De pronto se encontró con la grieta.

Llegó con un único y breve chasquido. Vio que una de las baldosas con cenefas de flores coloreadas se había partido. Después de observarla con cierto detenimiento, se percató de que desde ahí partía una fina línea que recorría las baldosas del baño, ascendiendo en diagonal hasta perderse detrás del espejo. Ciertamente, aquello era una contrariedad, pero no dejaba de ser una grieta muy delgada, muy poca cosa  en realidad y bueno, pensó; al fin y al cabo estaba en el pequeño cuarto de baño privado, nada que alguien pudiera llegar a ver, quizás acaso alguna visita, alguna vez... Así que decidió que podría convivir con esa grieta sin hacer nada.

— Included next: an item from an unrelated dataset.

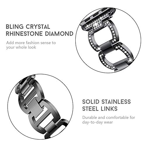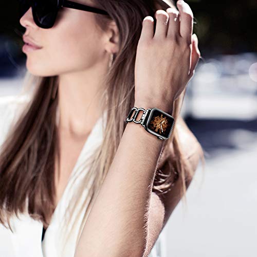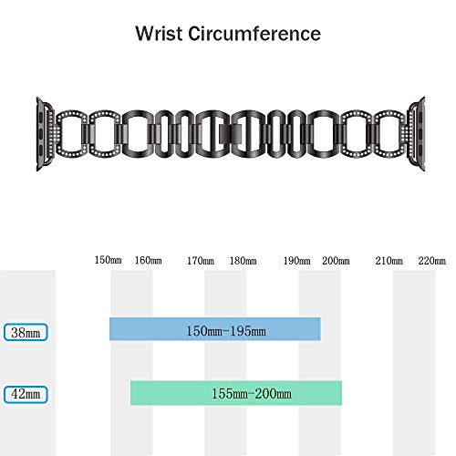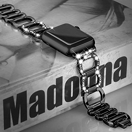 Estilo elegante y lujoso: combinación de diamantes de imitación y acero inoxidable de alta calidad, perfectamente vestido en negocios, deporte y diario. Cómodo de llevar: no alérgico a la piel. Los orificios extra permiten una mejor transpiración de la correa, no tan sudorosa cuando se entrena. Fácil de reescalar: seis cierres plegables en cada correa significan un ajuste perfecto para máxima comodidad. Simplemente retira un cierre plegable para cambiar el tamaño de la correa, no necesita herramientas. circunstancia de muñeca: 1.496 in (1.575 in para la serie 4) se adapta a muñecas de 5.906 in a 7.677 in, 1.654 in (1.732 in para la serie 4) se adapta a muñecas de 6.102 in a 7.874 in. Garantizado: le ofrecemos un reembolso de 12 meses sin razón y garantía de por vida, si tiene cualquier problema con el reemplazo, puede sentirse libre de contactar con nosotros, le ofrecemos 24 horas de servicio

Al salir del servicio, vio que la misma grieta también había llegado a la madera de la puerta, recorriéndola de arriba a abajo. Después encontró otra muy parecida en la librería del comedor, y otra sobre la mesita del salón. También había una en el viejo jarrón de porcelana, y en la figurita de cristal recuerdo de Venecia. En la cocina, la fina grieta subía por la nevera, pasaba por el techo y alcanzaba la preciosa lámpara de cerámica blanca y azul, partiendo en dos mitades la base atornillada al techo.

Sorprendido, volvió su mirada a derecha e izquierda, arriba y abajo y se dio cuenta de que la grieta seguía creciendo rápida y silenciosamente, abriéndose paso, atravesándolo todo. Y entonces se encogió de hombros, porque ya era tarde: La grieta lo había alcanzado a él también.